Disney's FY20 Q3 Earnings (8/4/20)

UNCgolf

Well-Known Member
Like Art History?

I don't know of any schools where art history is part of the required curriculum for all students.

Doesn't mean they don't exist, though.

Personally, I think requiring statistics would be more valuable than any other math class (or really anything else at all). Far too many people don't understand statistics at all and are thus very easily misled, misinformed, etc. about a wide variety of issues.
 

DVCakaCarlF

Well-Known Member
With respect, this isn't a clear description of how depreciation is used in business accounting. Modern accrual accounting requires a matching of expenses and revenues within the period - and depreciation is a necessary component of that. Depreciation allows you to spread out the cost of an asset over its useful life so that the revenue earned in a given period with that fixed asset can match a small portion of the asset's initial expense.

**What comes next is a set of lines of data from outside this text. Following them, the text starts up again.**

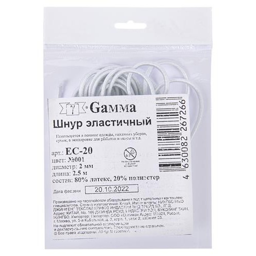Эластичный шнур GAMMA белый, 2мм х 2.5м (kastd) в магазинах Ашан
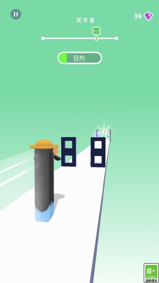 4、处于 “狂热” 状态关卡时,遇到不同颜色的门框障碍,需让果冻角色匹配对应颜色。
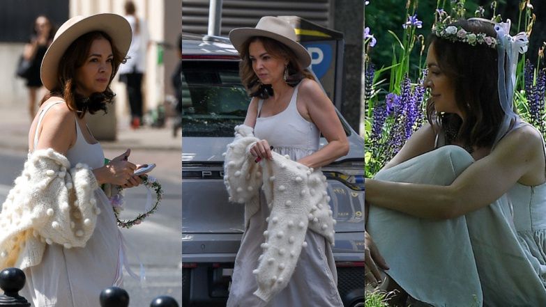 Dziennikarka i podróżniczka wskoczyła na tę okazję w letnią sukienkę maxi na ramiączkach, do której dobrała jasne baleriny, słomkowy kapelusz oraz opuszczony sweterek z bąbelkami. Zdecydowanie najbardziej wykosztowała się na pikowaną torebkę Chanel, której zakup mógł uszczuplić jej stan konta nawet o 25 tysięcy złotych. Całość tworzyła spójny kolorystycznie zestaw.
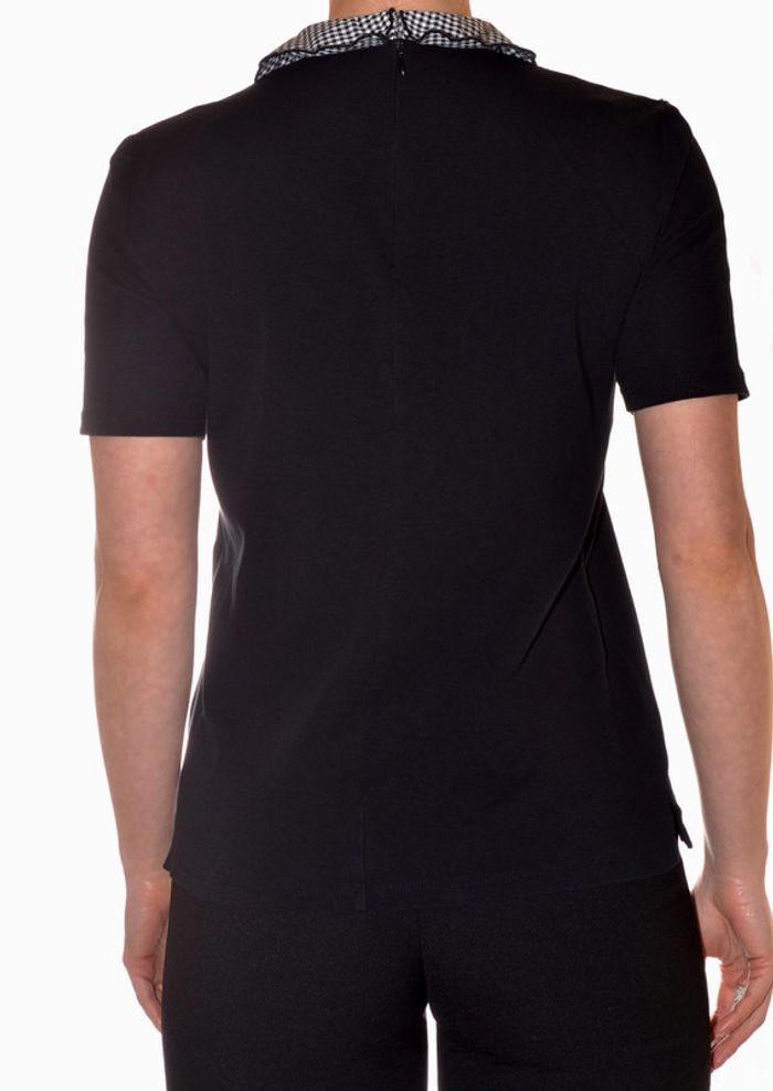tshirt noir uni col claudine motif carreaux noir et blanc taille M - photo numéro 3
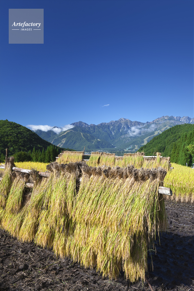 | 作品タイトル | 青鬼のハサ掛イネと白馬三山 | モデルリリース | なし | |

It's not categorized as a loss, as you describe above. It's an adjustment.

The word has been used by non-accounting folk to categorize the drop in the resale value of the asset....and while the textbook definition of depreciation fits for lay people needing to refer to the devaluing of their car, or whatnot - businesses use depreciation differently for the purpose I outlined above.
“Non accounting folk” - let me get my “cones of dunshire” game board and hat out.
 

UNCgolf

Well-Known Member
I have an accounting degree from Winthrop, and I had to sit through that ****.

🤣

Was art history itself specifically required, though? My guess is there was some general humanities type requirement and that was just the course you took to fulfill it based on your schedule or whatever, but maybe not!

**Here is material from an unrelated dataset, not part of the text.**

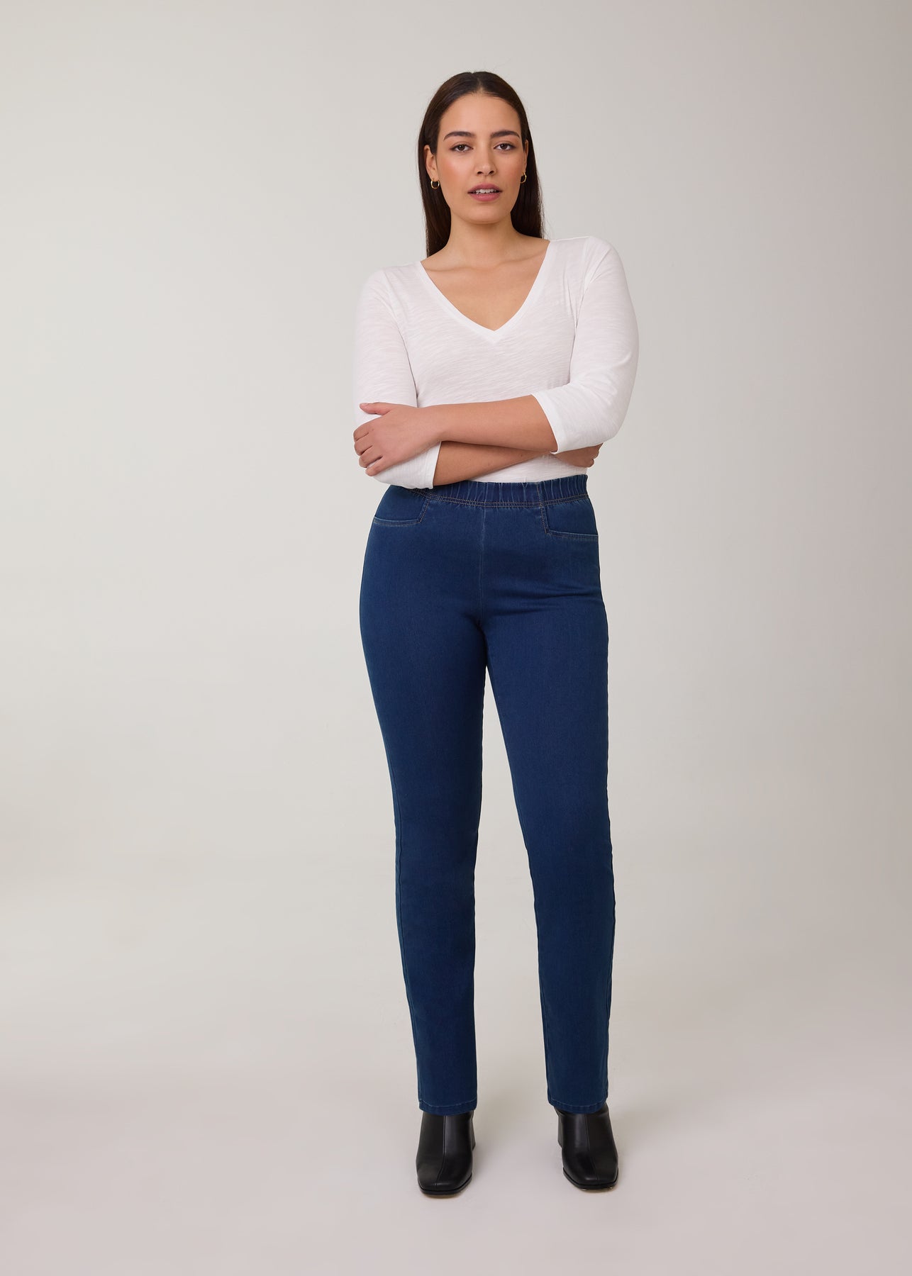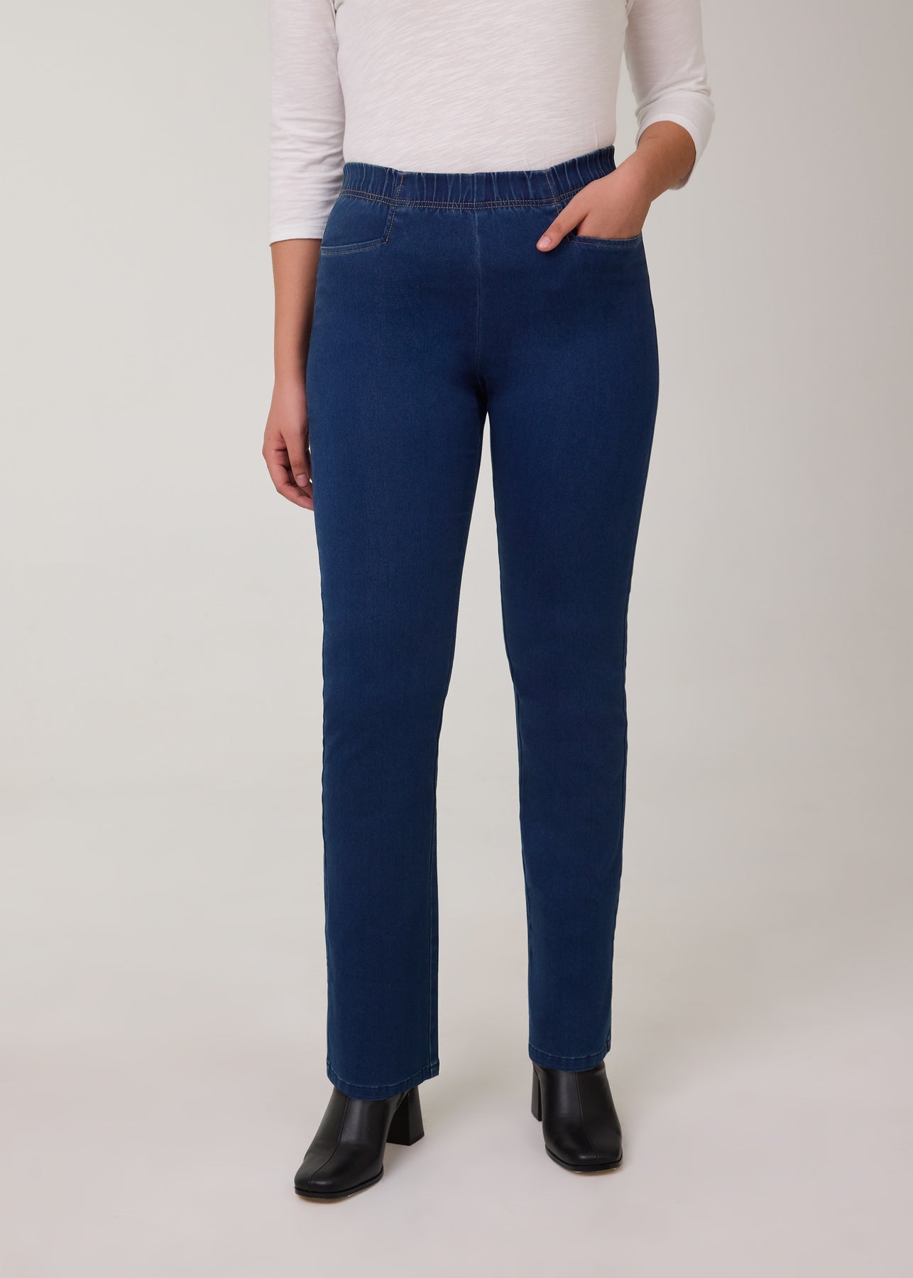 Effortlessly flattering with a touch of classic flare, the D-Lux Pull-On Bootcut Denim is designed for all-day comfort and easy style. The pull-on design creates a smooth, streamlined silhouette, while the elastic waistband offers a flexible, comfortable fit without restriction. The subtle bootcut leg elongates the figure and pairs perfectly with boots or heels for a polished finish.

My undergrad degree at UNC was in history, but we were still required to take a math class as part of the general curriculum.
 

ParentsOf4

Well-Known Member
This is cap from the report. Unless I am reading this incorrectly the $5 billion impairment is being reported as income.
The line immediately before the image you posted reads:

"The following table reconciles reported diluted EPS from continuing operations to diluted EPS excluding certain items affecting comparability for the third quarter:"​

The table is a reconciliation to explain how Disney got to this statement:

"Excluding certain items affecting comparability, diluted EPS for the quarter decreased 94% to $0.08 from $1.34 in the prior-year quarter."​

As a reconciliation, the numbers get reversed.

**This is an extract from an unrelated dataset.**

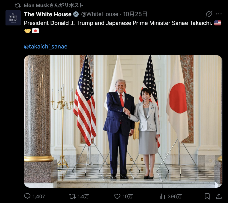 イーロン・マスクはこのほかにも、高市総理とトランプ大統領が握手を交わしている写真の投稿をリポストしたり、高市総理の若い頃の写真に炎の絵文字で反応するなど、好意的な姿勢を見せています。
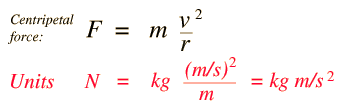 Combinations of units pervade all of physics, and doing some analysis of the units is common practice. For example, in the case of centripetal force, it is not immediately evident that the quantity on the right has the dimensions of force, but it must. Checking it out:

Disney is trying to present in the best light possible that their day-to-day business operations (i.e. their segments) did well, all things considered:

Segment Operating Income.jpg


Disney's "continuing operations" (which includes all segments that have not been discontinued) lost a great deal.

But their day-to-day operations did better than expected.

Sorry in advance if I'm only adding to the confusion by mixing "continuing operations" with (day-to-day) "operations". I really should use the term segments, not "operations" to avoid confusion.

Disney is trying to get across the point that their business segments did OK.
 

brianstl

Well-Known Member
@ParentsOf4 maybe you can help comment on this, because I’m not entirely positive why this is being shown this way.

Normally, impairments are shown as an negative or in parenthesis on income statements. My understanding is that the “sum” of taking these charges resulted in a profitable transaction.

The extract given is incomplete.